When the price of Bitcoin can itself be manipulated, what is the point of “digital money” at all? If digital assets are tethered to the first comer, how does innovation ever take place in such an ecosystem? Of the more than 2000 cryptocurrencies tracked by CoinMarketCap, hundreds upon hundreds will wither into disuse until their liquidity turns to ice and their price to zero. A cold harsh blockchain freeze of the crypto winter.
As the global recession slowly approaches, the crypto winter might endure, and it might wipe out thousands of blockchain startups that never got up and running.

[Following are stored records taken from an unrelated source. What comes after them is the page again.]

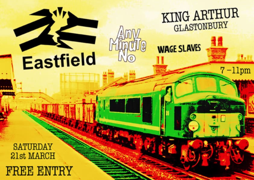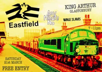 Saturday 21 March 2026 - GLASTONBURY King Arthur. 31-33 Benedict Street, BA6 9NB. Eastfield, Any Minute No and Wage Slaves. 7-11pm. Free entry. | ![]() |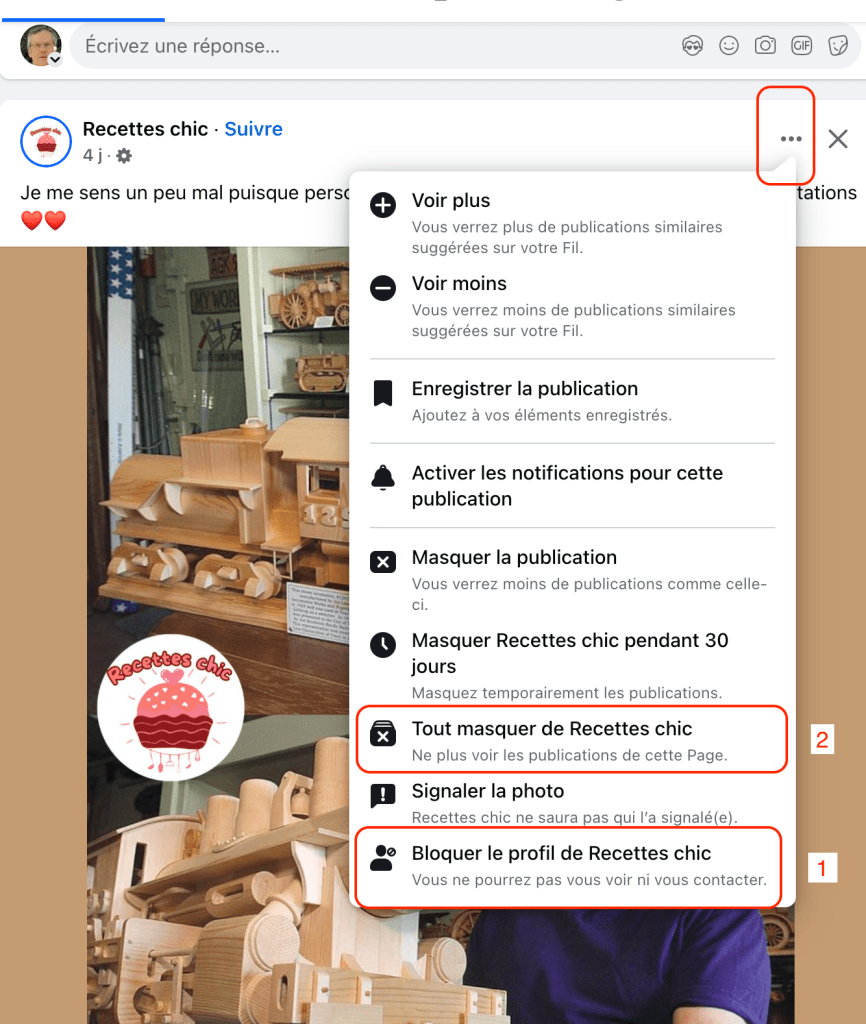 - Dans ce cas, ne likez pas (mention j’aime), ne laissez pas de commentaire admiratif. Si vous l’avez fait et que vous recevez une demande de contact, ne répondez pas. Bloquez le profil et masquez la page FB en question : voir ci-dessous.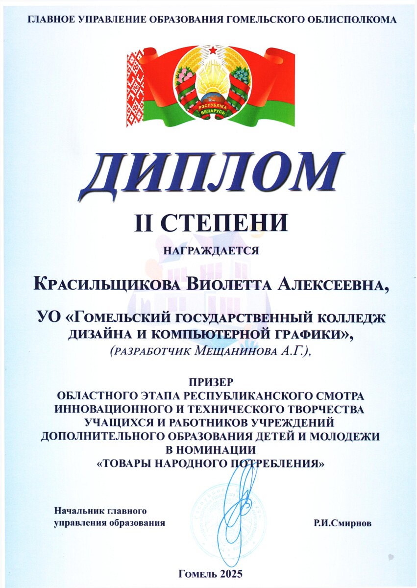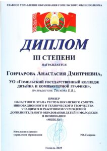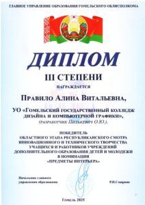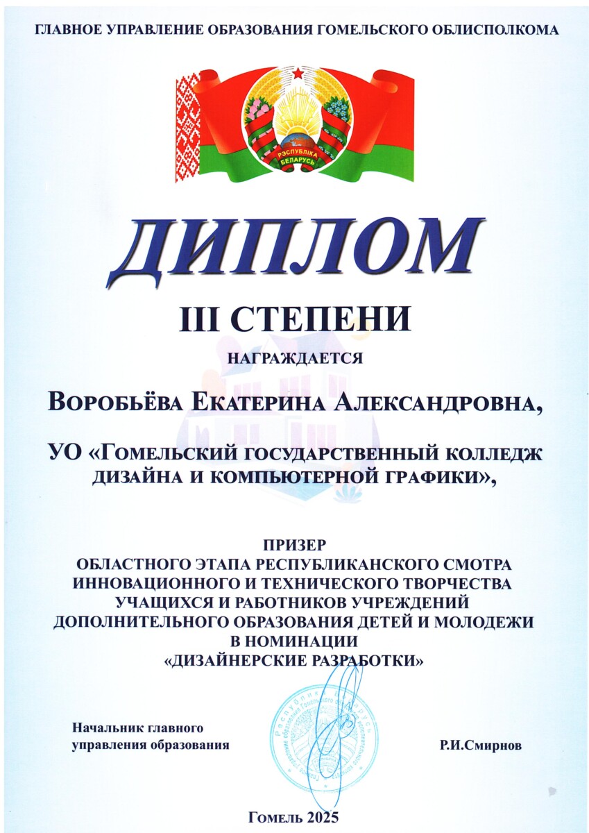Диплом ІІІ степени. Награждается Воробьёва Екатерина Александровна, УО «Гомельский государственный колледж дизайна и компьютерной графики». Призер областного этапа республиканского смотра инновационного и технического творчества учащихся и работников учреждения дополнительного образования детей и молодежи в номинации «Дизайнерские разработки» |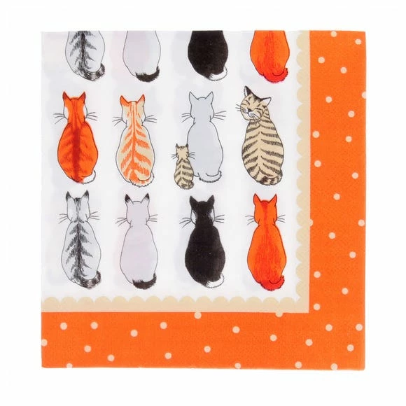 Designed by Ulster Weavers and supplied as a pack of 20, these adorable paper napkins are part of the Cats in Waiting collection and boast a luxury 3-ply quality. Perfect for serving finger foods, slices of cakes and sandwiches, these square paper napkins are ideal for protecting your clothing and table settings whilst eating and have been finished in deep saffron orange colours.

If the valuation of your company is speculative and you don’t have daily active developers and users that can scale, I’m not exactly sure what you expect.
The current leaders of privacy coins, smart contract ecosystems, and even stablecoins are not necessarily the eventual winners. Heck, if Bitcoin died it would probably be a good thing for the future of digital assets and blockchain innovation. The entire market is tethered to Bitcoin’s price in something that doesn’t feel decentralized at all, it feels fixed.
Facebook could acquire Coinbase, Amazon could acquire Robinhood and, in a sense, the world would be a better place. This idea that blockchain startups and crypto entities are somehow independent from the real world of markets and business cycles and the law of regulation is absurd. Mike Novogratz’s crypto firm lost something like $134 million in the first quarter of 2018 alone.
The digital asset space needs to consolidate with the real world, it can’t survive in a bubble and that’s what the crypto winter is all about. It needs Bakkt and Fidelity to give the public and investors new avenues. We also just need better blockchain startups with a clearer visions, better engineers and better leadership.
Somewhere in the process crypto lost its soul. Bitcoin became about hodling and getting rich and the human progress behind blockchain technology was lost. Crypto was hijacked by profiteers and young entrepreneurs that were more after profit than turning a new tech into a good thing. We deserve the crypto winter, we did it to ourselves.